===== PROVIDED DATA

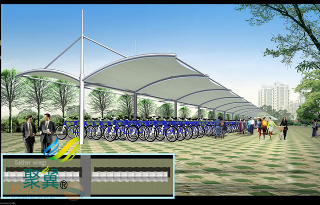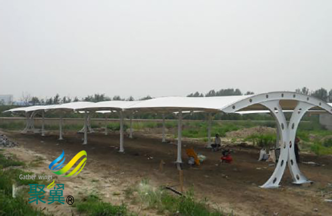 張拉鹿泉市膜結構車棚獨特,重量輕,富有時代氣息。 張拉膜結構也**適合制作街頭小品,如步行街雕塑、街上的綠色亭臺樓閣、廣場和公園的入口等,富有個性,***象征意義。
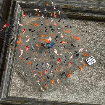 5D Red Fish Nail Stickers Relief Koi Goldfish Art Self Back Adhesive Chinese Style Decals for Women Girls Accessories DIY
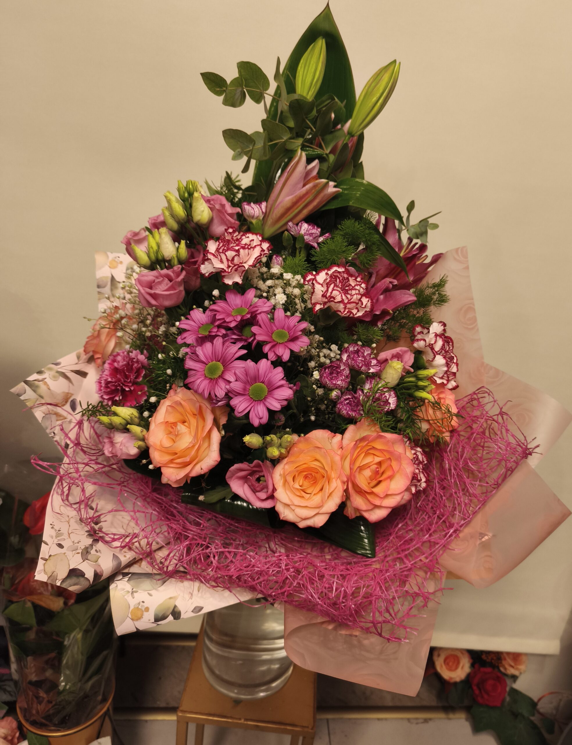 Bukiet wielokwiatowy duży dla kobiety ,skomponowany jest w formie stopniowanej z wielu gustownie dobranych gatunków kwiatów. To elegancka kompozycja która z pewnością mile zaskoczy każdą kobietę. Kolorystyka bukietu to subtelne połączenie delikatnego różu i romantycznego fioletu.

==========

> **WHAT THIS TASK INVOLVES**
Write out the whole listing exactly. Do not include the pictures.

> **WRITTEN ANSWER**
 張拉鹿泉市膜結構車棚獨特,重量輕,富有時代氣息。 張拉膜結構也**適合制作街頭小品,如步行街雕塑、街上的綠色亭臺樓閣、廣場和公園的入口等,富有個性,***象征意義。
 5D Red Fish Nail Stickers Relief Koi Goldfish Art Self Back Adhesive Chinese Style Decals for Women Girls Accessories DIY
 Bukiet wielokwiatowy duży dla kobiety ,skomponowany jest w formie stopniowanej z wielu gustownie dobranych gatunków kwiatów. To elegancka kompozycja która z pewnością mile zaskoczy każdą kobietę. Kolorystyka bukietu to subtelne połączenie delikatnego różu i romantycznego fioletu.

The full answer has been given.